The Smithfield Workers' Dispute

Smithfield Packing struggle mixes Black-Brown unity, environment & workers' rights
By Shafeah M’Bal and Peter Gilbert
Apr 27, 2007, 08:23

Smithfield Packing is a glaring example of how capitalism creates all kinds of victims of oppression, who when they take a broader view, can push the strategic weak point of the system and open a way for many others to win a victory.

Smithfield has spawned three different movements: one demanding the right of workers to organize a union and to collectively bargain with the company; another resisting environmental poisoning, and a third composed of immigrant workers and their allies fighting repression based on their nationality status.

Smithfield Packing is the second largest meat packing company in the U.S. and runs the world’s largest pork processing plant in Tar Heel, N.C. Smithfield workers, primarily Latin and African-American, butcher and pack 176,000 hogs per week under harsh health and safety working conditions. These workers have been fighting to establish a trade union for 14 years.

The company has increased its level of viciousness to fend off workers’ efforts. It has played Mexican and Black workers against each other, women workers against men and young versus old. It has attempted to intimidate Latin workers by threatening to have the government deport them.
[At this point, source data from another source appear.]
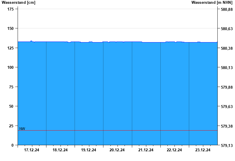 Der Pegel wird durch Baumaßnahmen unterhalb beeinflusst (Rückstau). Entsprechend sind die Abflusswerte nicht korrekt
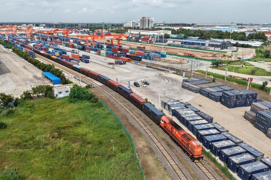 8月27日,一列貨運(yùn)列車駛?cè)胛挥谏虾鲜痉秴^(qū)內(nèi)的中國-上海合作組織地方經(jīng)貿(mào)合作示范區(qū)多式聯(lián)運(yùn)中心(無人機(jī)照片)。新華社記者李紫恒攝
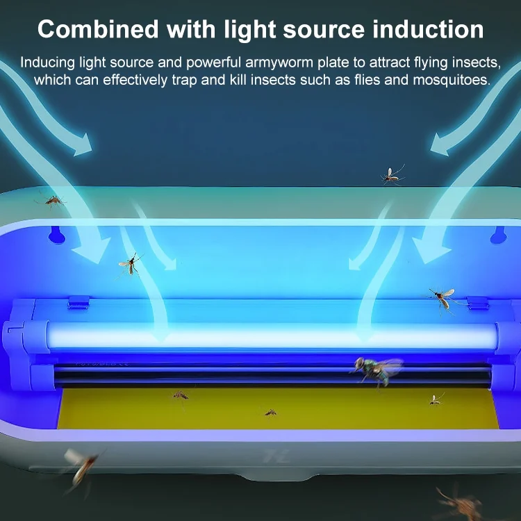 2. Mosquito light source + strong sticky insect board attracts flying insects, which can effectively trap and kill flies, mosquitoes and other insects
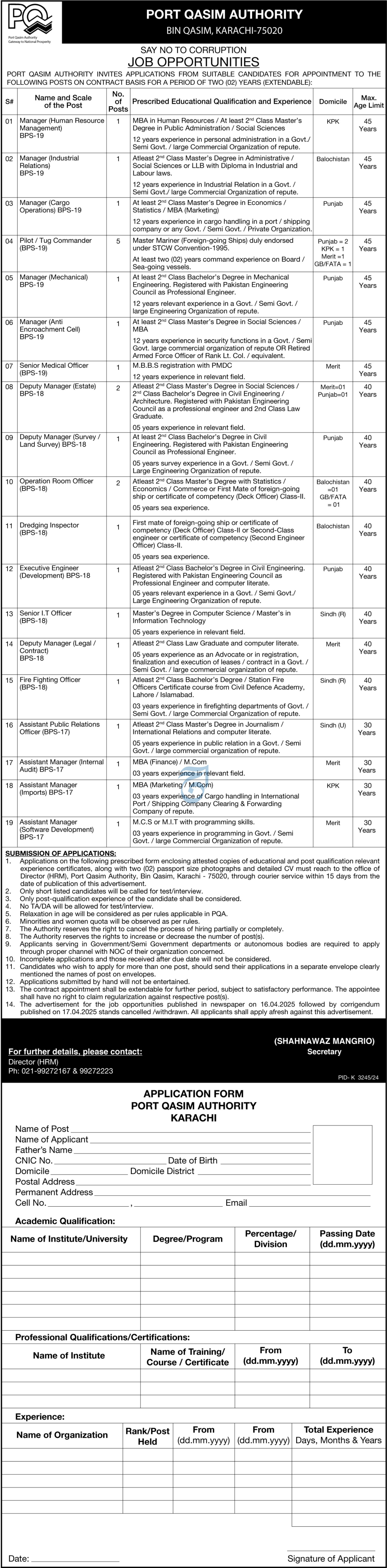 Port Qasim Authority PQA jobs advertisement dated about 25 April 2025 in daily Aaj Newspaper invites application for the vacant post of It Officer, Assistant Manager Internal Audit, Operation Room Officer, Manager Anti Enforcement Cell, Executive Engineer, Deputy Manager Legal, Manager Cargo Operations, Deputy Manager, Fire Fighting Officer, Medical Officer, Assistant Public Relations Officer, Assistant Manager Imports, Assistant Manager Software Development, Pilot, Deputy Manager Land Survey, Manager, Assistant Manager, Executive Engineer Development, Deputy Manager Estate, Deputy Manager Survey, Manager Mechanical, Deputy Manager Contract, Manager Industrial Relations, Tug Commander, Dredging Inspector and Manager Human Resource Management in Karachi, karachi Sindh Pakistan. Bachelor, Master, Intermediate and MS etc. educational qualification will be preferred.

Dirt, danger and discrimination

While unionized in most locations outside of North Carolina, in this southern state Smithfield has fought vigorously to prevent its employees from forming a union. Elections to unionize the plant held in 1994 and in 1997 were initially lost. But a National Labor Relations Board (NLRB) judge made a landmark decision overturning the results. The decision charged Smithfield with multiple violations of federal labor law, violations that destroyed the conditions for a free and fair election.

Since the plant opened, Smithfield workers have fought for the right to organize a union and to collectively bargain in the face of criminal and sometimes violent repression by the company, at times with the state’s collusion.
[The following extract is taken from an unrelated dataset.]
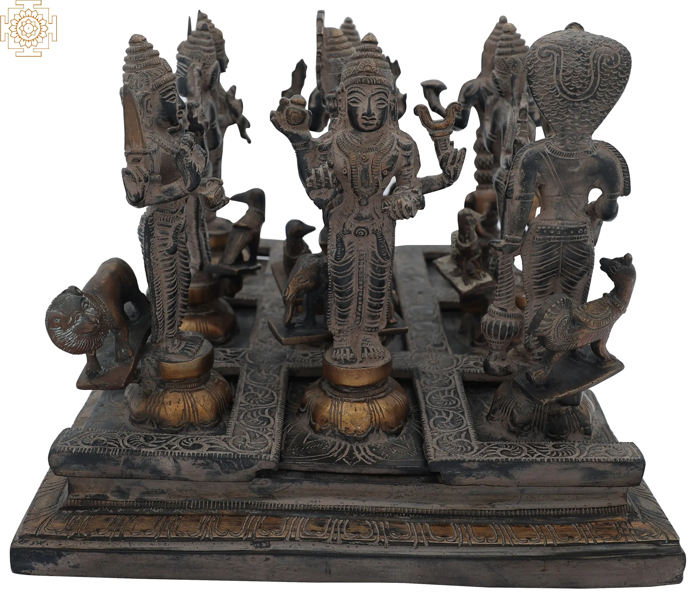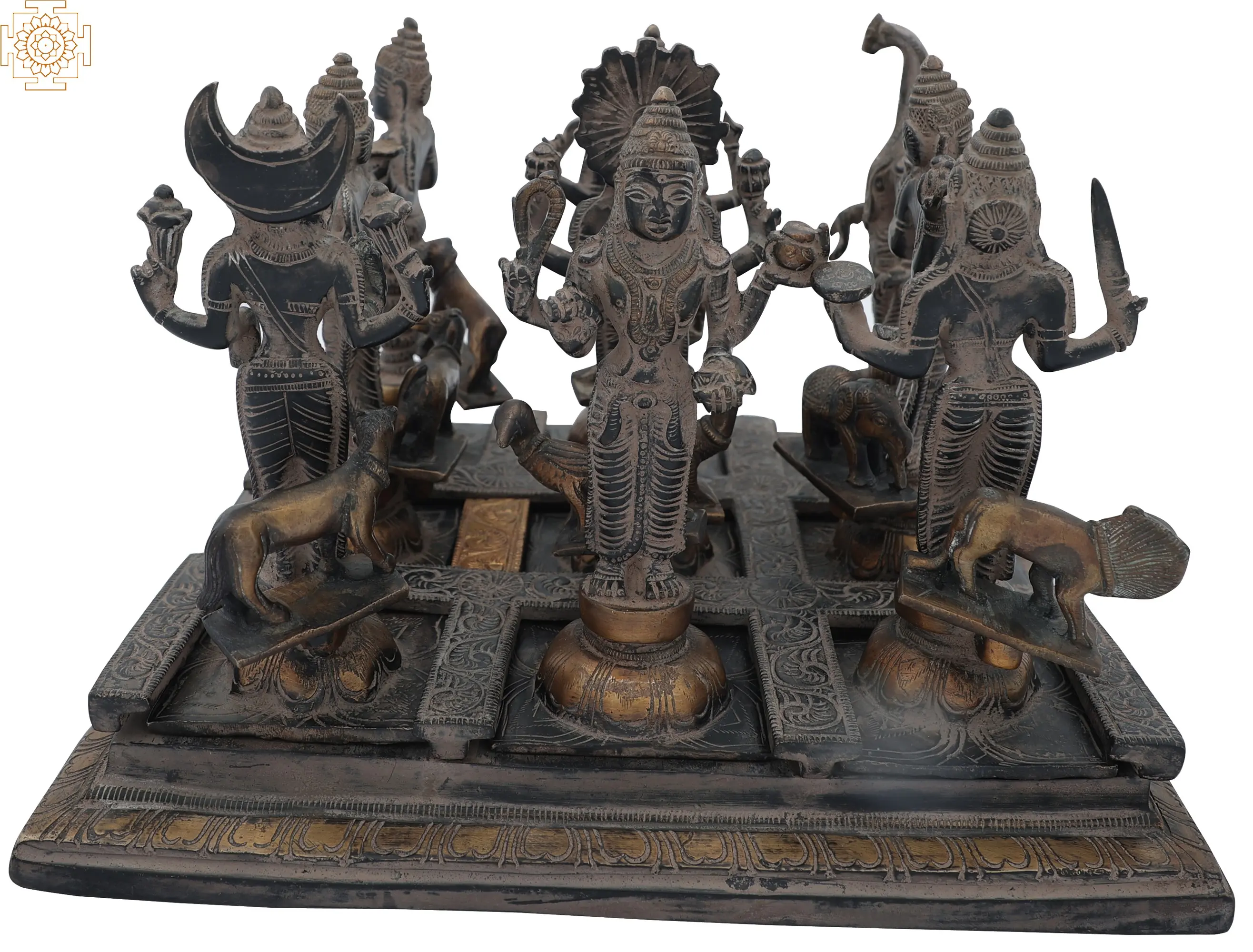 In the cosmic dance of the universe, the Navagrahas, or the Nine Planets, hold a profound place in Vedic astrology and Hindu spirituality. Our intricately carved Navagraha sculptures in brass pay homage to these celestial entities, each representing a unique cosmic force. Crafted with utmost precision by devotional artisans, these sculptures encourage you to explore the profound interplay of planetary energies and the eternal balance of the cosmos.

In addition to the challenges to organizing any union in the U.S. South, especially with a very multinational workforce of mostly African-American and Latin@ workers, workers have faced spies, deportation and plant-closing threats, false arrests, police attacks and racist hate speech.

In 2006, after having been found guilty of a long list of illegal anti-union policies in the previous union election, Smithfield is now calling for a new election. Having experienced the threats, illegal firings and physical attacks at the previous election, workers are instead demanding full recognition of the union immediately.
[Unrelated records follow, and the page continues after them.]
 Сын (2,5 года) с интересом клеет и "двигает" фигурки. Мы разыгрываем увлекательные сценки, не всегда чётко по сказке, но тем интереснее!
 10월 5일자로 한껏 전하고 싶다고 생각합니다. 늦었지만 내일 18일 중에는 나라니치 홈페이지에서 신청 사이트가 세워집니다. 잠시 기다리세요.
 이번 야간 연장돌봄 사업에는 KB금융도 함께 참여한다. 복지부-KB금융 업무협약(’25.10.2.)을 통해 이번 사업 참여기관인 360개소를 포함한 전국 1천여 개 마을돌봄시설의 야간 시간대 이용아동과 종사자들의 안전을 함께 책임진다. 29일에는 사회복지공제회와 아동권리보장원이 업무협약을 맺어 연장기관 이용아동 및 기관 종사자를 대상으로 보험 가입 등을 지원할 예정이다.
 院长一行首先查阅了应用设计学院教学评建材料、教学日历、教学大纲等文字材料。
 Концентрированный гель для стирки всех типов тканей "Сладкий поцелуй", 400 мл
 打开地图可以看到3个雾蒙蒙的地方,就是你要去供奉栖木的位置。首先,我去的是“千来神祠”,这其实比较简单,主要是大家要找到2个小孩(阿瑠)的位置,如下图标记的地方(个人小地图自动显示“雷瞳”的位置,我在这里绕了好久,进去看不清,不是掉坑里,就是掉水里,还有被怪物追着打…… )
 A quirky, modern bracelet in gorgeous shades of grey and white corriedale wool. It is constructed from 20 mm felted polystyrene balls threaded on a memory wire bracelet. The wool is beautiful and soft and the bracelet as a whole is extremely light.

As one worker, Ronnie Simmons, put it: “If the company held another election, they would just intimidate and violate our rights again and then we’d have to wait another ten years for it to wind its way through the courts. We need help now and we need our voices to be heard and respected now. We’ve been fighting for far too long. Our workers want a union now. It’s long overdue.”

The Employee Free Choice Act, which the U.S. Senate will debate next week, would allow all workers to form a union without having to be subjected to undemocratic elections where, like at Smithfield, workers are subject to attack and harassment by management. Some senators have threatened to filibuster to prevent a vote, and Bush has promised a veto.

To force the company to recognize the union, workers are building a more permanent movement rather than following traditional union strategies. Workers are simultaneously building community and political pressure on the company, while fighting for winnable gains inside the plant.

On Jan. 15, when workers stayed out of work to honor Dr. Martin Luther King and demand the holiday off, production dropped by 9,000 hogs. Last November, in response to firings of immigrant workers, hundreds of workers walked out for two days, and won concessions from the company including the rehiring of the fired workers.